Mastodon is a decentralised microblogging platform that uses an open-source network protocol called ActivityPub
to communicate between server instances and users. The instances collectively form a network of interoperable servers known as the federated universe or ‘Fediverse’. Users join autonomous local communities (with their own rules, administration and moderation), typically established around a community or area of interest and intended to group similar users based on e.g. geographic location, language, views, interests, etc.
The Mastodon federated governance of instances results in local rules and moderation, wherein users and other instances can be ‘friended’ but also silenced or suspended. As instances administrators apply moderating rules (e.g. by nominating foes), they protect their own users to be exposed to potentially harmful timelines, content and users. The following example provides an approach to empirically observe online signed networks, i.e. networks containing both positive (friendly) and negative (antagonistic) ties, using Mastodon instance log data.
Mastodon provides an instance search engine, which is based on a database that gets crawled and updated on a daily basis. Users can define search parameters, for example by setting languages, descriptions, number of users, etc.
In this example, we are using 5 server instances relating to technology as starting points (seeds), we identified through the instance search engine. The seeds were qualitatively assessed and included in the sample if they:
Instance | Number of users |
---|---|
social.veraciousnetwork.com | 2,087 |
defcon.social | 1,122 |
vmst.io | 1,942 |
social.linux.pizza | 1,675 |
gamestoot.de | 1,798 |
Table 1: seed server instances related to tech and number of active users.
Data were collected in November 2023. We used the R package rtoot
(Schoch & Chan, 2023) to programmatically access the list of ‘friends’ – federated servers, with the get_instance_peers
function – and ‘foes’ – moderated servers, with the get_instance_blocks
function. The following code conducts the data collection and saves the collected raw data as an RDS file, for later use.
# Code authored by Bryan Gertzel, VOSON Lab
# options
options(scipen = 999)
options(encoding = "UTF-8")
library(tidyverse)
library(rtoot)
#--------------------
#Collect the raw data
#--------------------
# read from csv. 'About' column contains server instances URLs. Trailing gets removed with second line.
seeds <- read_csv(file = "seeds.csv") |> pull("About") |> str_remove_all("https://|/about|/explore")
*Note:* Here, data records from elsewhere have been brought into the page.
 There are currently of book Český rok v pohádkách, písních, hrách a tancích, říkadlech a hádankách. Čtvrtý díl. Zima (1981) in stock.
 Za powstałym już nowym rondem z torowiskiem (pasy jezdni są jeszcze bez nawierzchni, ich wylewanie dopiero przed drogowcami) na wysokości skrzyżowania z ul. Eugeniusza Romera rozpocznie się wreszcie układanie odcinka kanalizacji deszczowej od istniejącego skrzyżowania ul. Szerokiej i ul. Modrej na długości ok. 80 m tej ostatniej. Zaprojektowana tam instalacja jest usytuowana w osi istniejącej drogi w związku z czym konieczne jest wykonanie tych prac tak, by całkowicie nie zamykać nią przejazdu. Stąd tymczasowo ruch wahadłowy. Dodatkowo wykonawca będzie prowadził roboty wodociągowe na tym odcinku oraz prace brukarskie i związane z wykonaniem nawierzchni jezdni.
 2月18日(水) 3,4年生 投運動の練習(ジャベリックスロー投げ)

# get instance peer list (friends)
get_peers <- function(x) {
tryCatch({
peers <- get_instance_peers(x, anonymous = TRUE)
tibble(peers.domain = peers) |> mutate(instance = x) |> relocate(instance)
},
error = function(e) {
message(paste(x, "-", "get_peers", e))
NULL
})
}
# get instance blocks list
get_blocks <- function(x) {
tryCatch({
blocks <- get_instance_blocks(x, anonymous = TRUE)
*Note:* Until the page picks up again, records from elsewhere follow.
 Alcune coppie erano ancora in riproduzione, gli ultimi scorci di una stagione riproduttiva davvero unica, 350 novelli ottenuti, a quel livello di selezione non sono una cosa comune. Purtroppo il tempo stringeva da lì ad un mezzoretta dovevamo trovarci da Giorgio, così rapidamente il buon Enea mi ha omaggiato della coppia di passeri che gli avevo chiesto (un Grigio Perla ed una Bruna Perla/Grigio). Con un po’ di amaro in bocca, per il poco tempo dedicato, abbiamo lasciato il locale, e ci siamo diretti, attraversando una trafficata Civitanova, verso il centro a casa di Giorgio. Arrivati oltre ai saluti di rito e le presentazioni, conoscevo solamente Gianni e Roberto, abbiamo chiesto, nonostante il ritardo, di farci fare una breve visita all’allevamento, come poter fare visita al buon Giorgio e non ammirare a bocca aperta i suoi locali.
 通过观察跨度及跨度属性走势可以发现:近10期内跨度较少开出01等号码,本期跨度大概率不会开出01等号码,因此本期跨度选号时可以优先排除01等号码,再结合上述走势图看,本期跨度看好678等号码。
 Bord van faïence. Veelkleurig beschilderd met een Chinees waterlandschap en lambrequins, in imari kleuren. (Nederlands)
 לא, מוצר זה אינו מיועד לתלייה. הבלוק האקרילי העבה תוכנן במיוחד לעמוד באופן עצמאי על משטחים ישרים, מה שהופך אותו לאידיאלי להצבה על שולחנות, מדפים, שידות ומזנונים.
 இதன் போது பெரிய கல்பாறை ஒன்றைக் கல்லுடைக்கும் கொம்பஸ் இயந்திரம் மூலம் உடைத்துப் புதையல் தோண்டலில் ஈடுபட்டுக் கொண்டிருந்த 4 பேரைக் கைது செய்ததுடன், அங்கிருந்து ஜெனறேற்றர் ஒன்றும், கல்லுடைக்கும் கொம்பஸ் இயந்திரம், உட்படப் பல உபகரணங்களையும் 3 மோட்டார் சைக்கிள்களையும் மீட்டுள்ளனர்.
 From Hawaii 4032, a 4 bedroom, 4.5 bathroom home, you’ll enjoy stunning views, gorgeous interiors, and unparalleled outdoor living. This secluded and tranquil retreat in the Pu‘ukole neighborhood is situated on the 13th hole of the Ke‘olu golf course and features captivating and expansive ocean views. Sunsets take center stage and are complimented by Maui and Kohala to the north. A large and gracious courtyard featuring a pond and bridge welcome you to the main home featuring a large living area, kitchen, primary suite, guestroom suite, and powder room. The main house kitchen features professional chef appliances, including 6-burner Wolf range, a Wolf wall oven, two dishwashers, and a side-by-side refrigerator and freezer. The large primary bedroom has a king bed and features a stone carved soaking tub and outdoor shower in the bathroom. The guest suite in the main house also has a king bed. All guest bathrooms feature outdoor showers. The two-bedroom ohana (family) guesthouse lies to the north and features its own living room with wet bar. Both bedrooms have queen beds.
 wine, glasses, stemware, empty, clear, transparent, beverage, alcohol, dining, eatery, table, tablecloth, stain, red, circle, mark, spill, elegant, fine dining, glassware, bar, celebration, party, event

blocks |> rename_with(~ paste0("blocks.", .x)) |> mutate(instance = x) |> relocate(instance)
},
error = function(e) {
message(paste(x, "-", "get_blocks", e))
NULL
})
}
# get friends and foes for seed instances in a dataframe
data <- map_dfr(seeds, function(x) bind_rows(get_peers(x), get_blocks(x)))
nrow(data)
#[1] 223032
#Save raw data
saveRDS(data, "data_23Nov.rds")
The resulting dataframe contains 223,032 rows, including both peers and foes nominations. We then constructed a directed network, where nodes are server instances, and there are two types of tie: ‘friend’ i.e. where instance \(i\) regards instance \(j\) as a ‘peer’, and ‘foe’ i.e. where instance \(i\) blocks instance \(j\). Type of tie – friend or foe – was included in the network as edge attribute.
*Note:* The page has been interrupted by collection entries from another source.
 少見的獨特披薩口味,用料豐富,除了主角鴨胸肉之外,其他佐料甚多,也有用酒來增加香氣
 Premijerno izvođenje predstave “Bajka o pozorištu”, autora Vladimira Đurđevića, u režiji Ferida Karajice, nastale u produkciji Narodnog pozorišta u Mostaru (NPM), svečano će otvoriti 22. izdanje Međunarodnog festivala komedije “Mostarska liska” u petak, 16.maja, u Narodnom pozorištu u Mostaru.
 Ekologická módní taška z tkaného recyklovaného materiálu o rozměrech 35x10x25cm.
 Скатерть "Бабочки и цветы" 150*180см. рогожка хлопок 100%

# Code authored by Bryan Gertzel and Rob Ackland, VOSON Lab
#Construct the networks
library(dplyr)
library(igraph)
data <- readRDS(paste0(data_dir, "data_23Nov.rds"))
nrow(data)
[1] 223032
# server relations (edge list)
relations <- data |>
select(from = instance, to = peers.domain) |>
filter(!is.na(to)) |>
mutate(type = "friend") |>
bind_rows(
data |>
select(from = instance, to = blocks.domain) |>
filter(!is.na(to)) |>
mutate(type = "foe")
) |>
distinct()
g <- graph_from_data_frame(relations)
vcount(g)
[1] 124258
ecount(g)
[1] 223032
# Option for signed networks -- weighted ties
#E(g)$weight <- ifelse(E(g)$type=="friend", 1, -1)
#identifying seed servers
V(g)$seed <- "no"
V(g)$seed[which(degree(g, mode="out")>0)] <- "yes"
table(E(g)$type)
foe friend
643 222389
The full network contains 124,258 nodes (server instances) and 223,032 ties, of which 222,389 are positive (‘friend’ or peer nominations) and 643 are negative (‘foe’ nominations).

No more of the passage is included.